Most skin examined in this paper has a relatively flat DEJ that does not display the characteristic egg-carton pattern associated with the dermal papillae. This flattening of the DEJ, normally associated with photodamage and aging, is typical of thin skin found on the face and forearm. Increased sun exposure also means that facial skin is more likely to develop cancerous lesions and therefore is the type of skin which needs to be studied to reach the ultimate goal, the identification of tumor margins for optical biopsy and to assist in Mohs surgery. The algorithm described here, however, fails to closely follow all of the contours of a wavy DEJ because the shapelet kernel is only processed in one direction - normal to the skin surface. OCT images that show a clearly defined wavy DEJ could be analyzed more accurately by allowing the shapelet function to rotate throughout all angles and highlight edges in all directions. This approach would require more computer processing time, however, and is not expected to significantly alter the epidermal thickness measurements for facial skin. We do plan to incorporate such functionality in future versions of this analysis.

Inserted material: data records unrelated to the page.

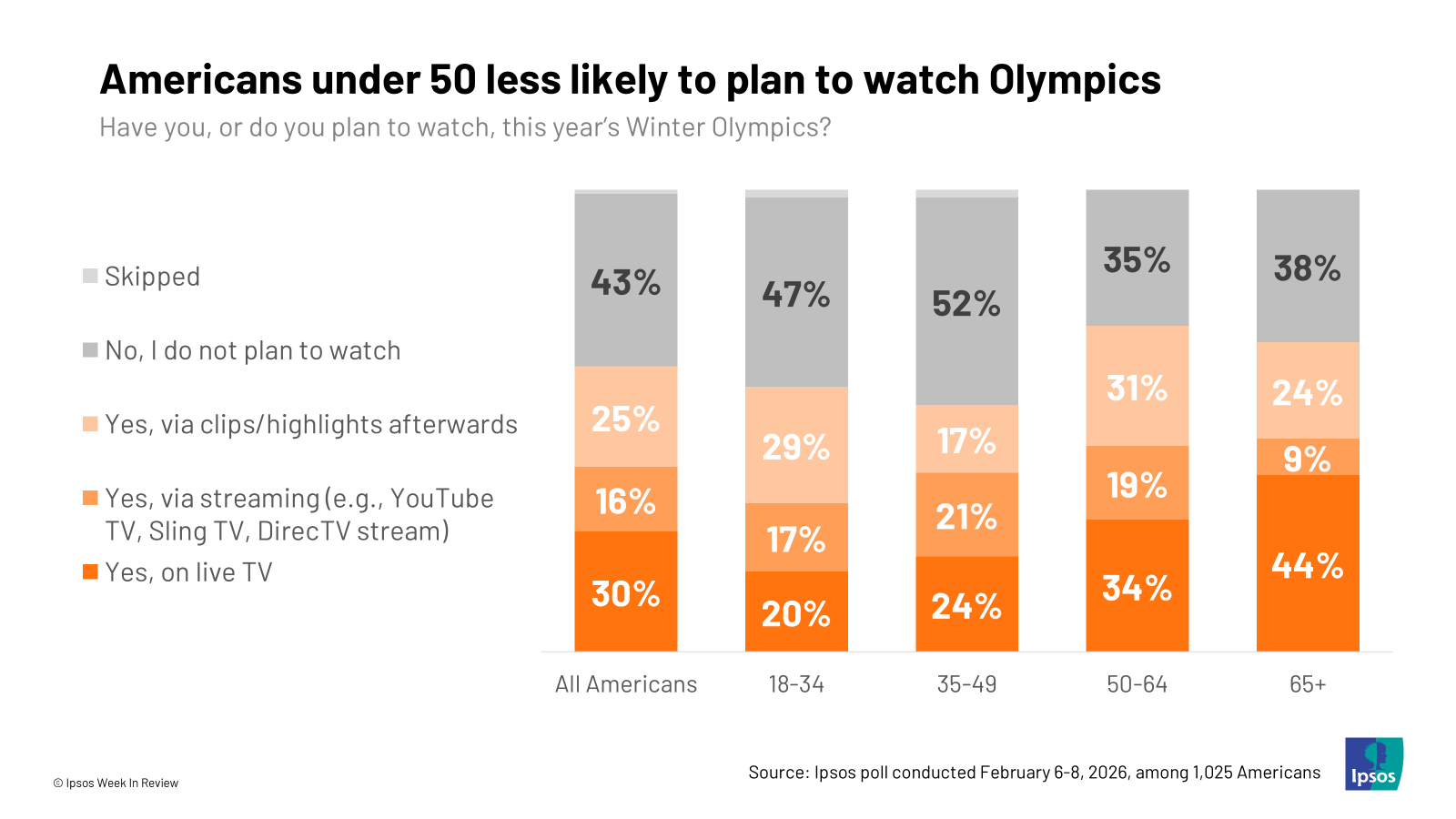 However, younger Americans aren't watching the same way previous generations have. Recent Ipsos polling shows they're less interested in the 2026 Winter Olympics, and when they do tune in, patriotism isn't as big of a draw.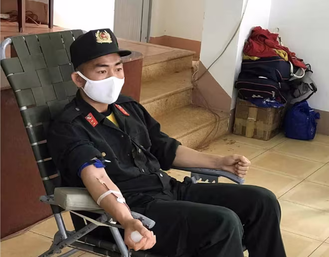 Thượng úy Công trong một lần tham gia hiến máu tình nguyện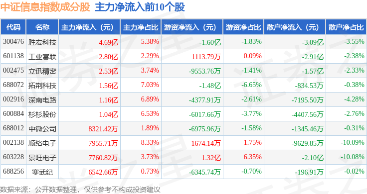 资金流向方面,中证信息(399935)指数成份股当日主力资金净流出合计64.17亿元,游资资金净流入合计16.31亿元,散户资金净流入合计47.86亿元。成份股资金流向详情见下表: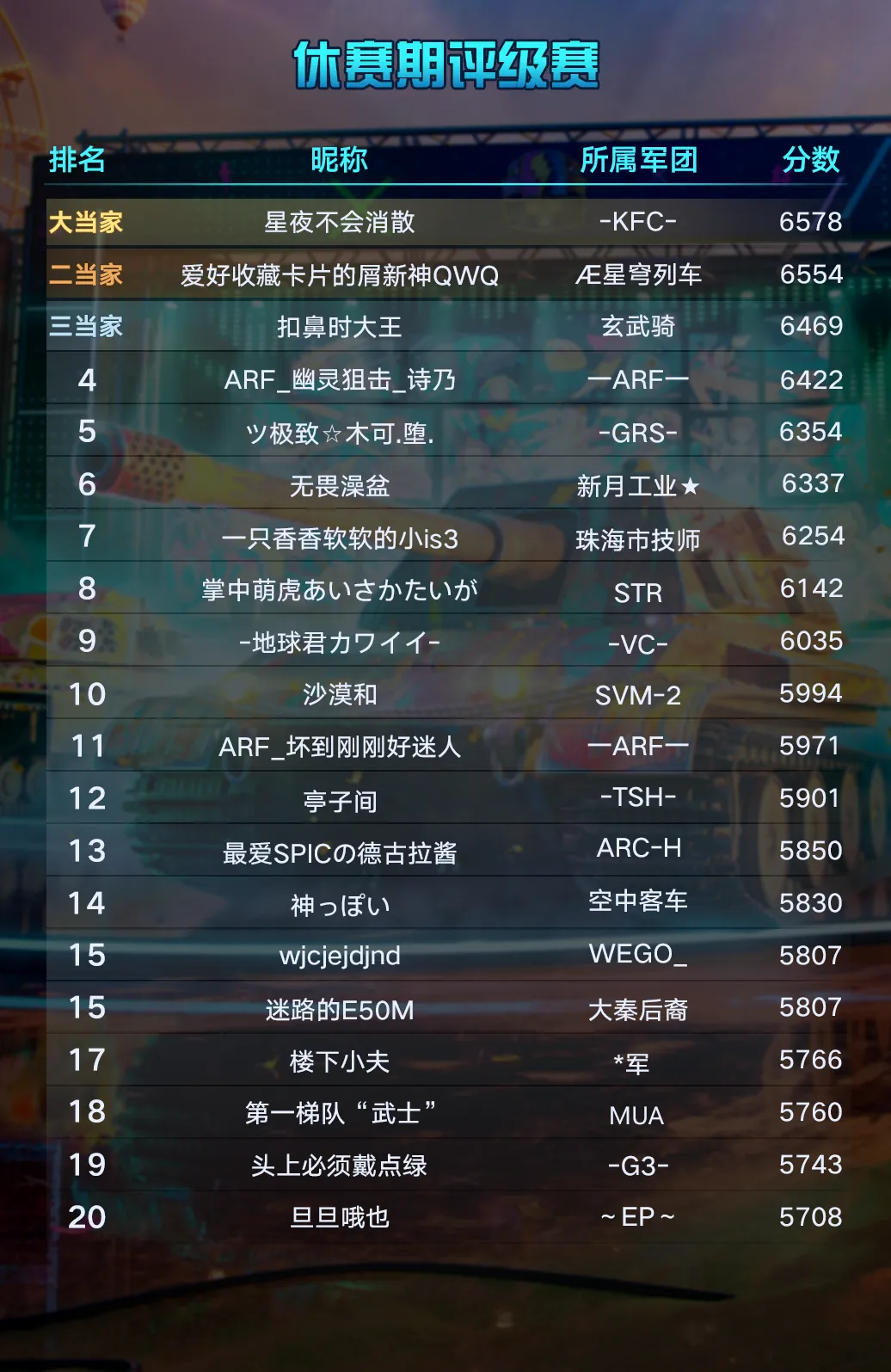 赛季4休赛期评级赛杰出玩家

The ultimate goal of this exercise is not the measurement of epidermal thickness, but rather to enable automatic and accurate feature identification in the complex OCT images of skin. The IA presented in this letter generally finds contours in these images despite the complicating presence of a speckle mask. It not only has potential application in the analysis of OCT of other tissues including the esophagus and the retina but also potential to analyze ultrasound images. Epidermal thickness is not only a parameter of skin health, but also a feature overlaying the boundary of basal and squamous cell tumors. Any robust method designed to perform optical biopsy or identify tumor margins will certainly need to identify basic structural features such as the DEJ. The work presented in this paper is a first step towards the fully automated analysis of skin OCT images.
The results presented here show that OCT images of human skin can be successfully interpreted by automated image analysis. The use of shapelet decomposition techniques to find soft boundaries within noisy images represents a novel approach that allows automated segmentation of the image and measurement of important parameters such as epidermal thickness. While there are many other features that are important targets for automated identification within these images, this work represents an important step towards fully automated image analysis of OCT images of skin. The existence of a successful and easily automated IA approach gives us confidence that there is further clinical utility of OCT for human skin. Advances such as phase contrast and polarization analysis  have shown potential in the laboratory but have yet to be incorporated in commercial equipment. Further improvements in both hardware and analysis will bolster use of the technique.
This study was supported in part by funding from the NIH under contract #1-R33-CA91354-01A1. The authors would like to thank Dr. Christine Ammirati, Dane Drutis, Manoj Misra, Professor Peter So, Robert Velthuizen, Carol Vincent and Siavash Yazdanfar for many helpful discussions.